What's your opinion then on such white identity speeches like the Confederate Corner Stone speech, delivered by the Vice President of the Confederacy?

http://teachingamericanhistory.org/library/document/cornerst...

"Our new government is founded upon exactly the opposite idea; its foundations are laid, its corner- stone rests, upon the great truth that the negro is not equal to the white man; that slavery subordination to the superior race is his natural and normal condition. This, our new government, is the first, in the history of the world, based upon this great physical, philosophical, and moral truth."

It seems that even a century earlier than your 1950's monoculture, the white people of America were not just calling themselves white, but in fact, were creating political philosophy centered around their white identity.

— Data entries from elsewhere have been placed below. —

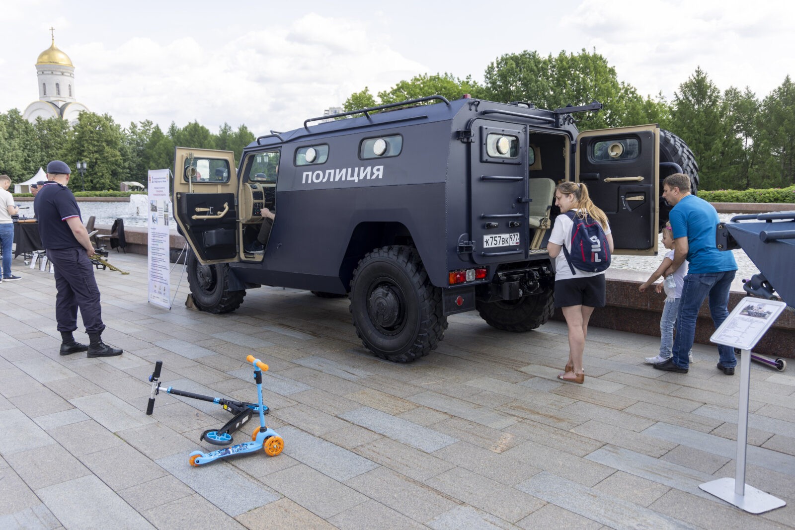 Выставка автомототехники, средств вооружения и защиты, подвижные игры, викторины и мастер-классы для детей, обучающие безопасному поведению на улицах, дорогах и в транспорте. Так на территории мемориального комплекса на Поклонной горе прошел «Один день с полицией России», организованный в рамках программы семейного отдыха «Парк Победы. Главный патриотический».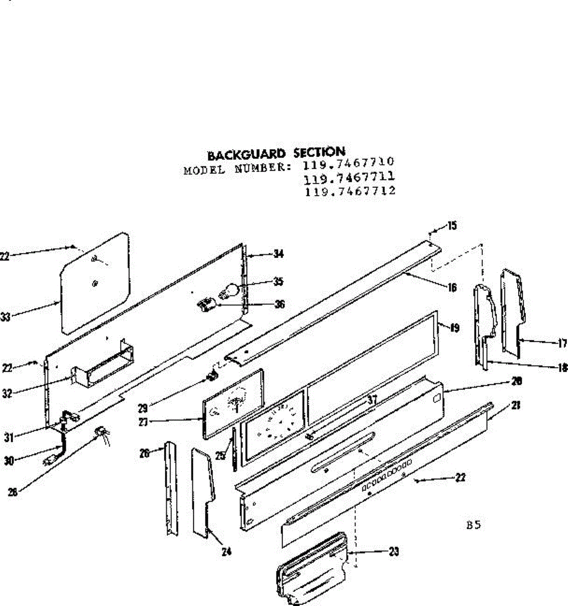 Parts for Kenmore 119.7467712 (1197467712, 119 7467712): Backguard Section Parts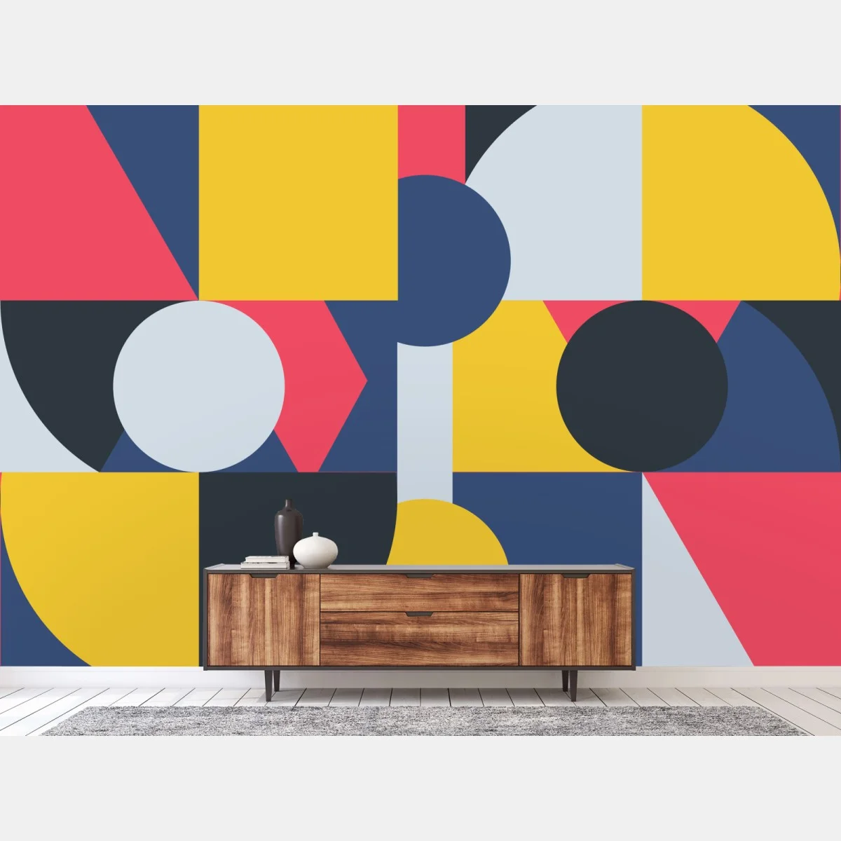 - kolorowy, geometryczny, dekoracja ścienna, wzór, minimalistyczny, nowoczesny, abstrakcyjny, kształty, współczesny, artystyczny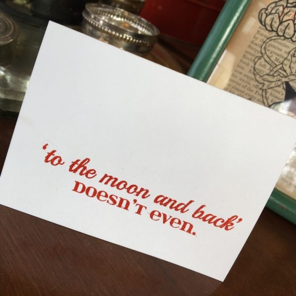 Embossed greeting card: 'To the moon & back' doesn't even.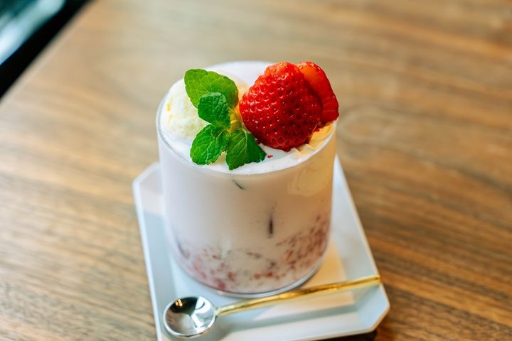 4月いっぱいまで提供されていた「極いちごオレ」890円は、自家製のイチゴコンフィチュールと低温殺菌牛乳で作るスペシャルドリンク。フレッシュなイチゴをはじめ、バニラビーンズ入りのアイスクリームやマスカルポーネクリームをトッピングし、まるでデザートのような満足感です。

Not their polish, German, Irish, Finnish identity.

Their WHITE identity.


What's my opinion on the speech? That it's true that people conceptualized of a "white race" prior to the 1950s, but it doesn't contradict my claim that an inclusive white identity lacks long historical precedent, historical pre-eminence or robustness. If it were robust and pre-eminent, the KKK wouldn't have targeted white Catholics or Jews. If it were robust and pre-eminent, Irish Americans wouldn't have been treated poorly in much of the US. If it were robust and pre-eminent, "race scientists" of the late 19th and early 20th century would not have divided whites into distinct sub-races with purportedly unique characteristics. Ethnic balkanization among whites in the US persisted throughout the first half of the 20th century – think of the distinct ethnic mobs and tensions that characterized NYC – and mass conscription during WW2 substantially changed this.


If it were robust and pre-eminent, white people wouldn't have seceded from the country to create a white country, a literal ethno-state.

Oh wait!

Is what it is, you clearly already have your conclusion.

P.S. northern chinese make fun of southern chinese (cantonese), does that preclude their ethnicity and culture? I fail to see how targeting Irish means anything. Chinese target their own sub-ethnicities all day long. As does every other ethnic group.


He's being pretty clear, and your response is a little obtuse.

He's not saying that nobody called themselves "white" before 1950.

He's saying that the demographics of "whiteness" in the mid-1800s are different than the demographics of "whiteness" now, and so the term is arbitrary.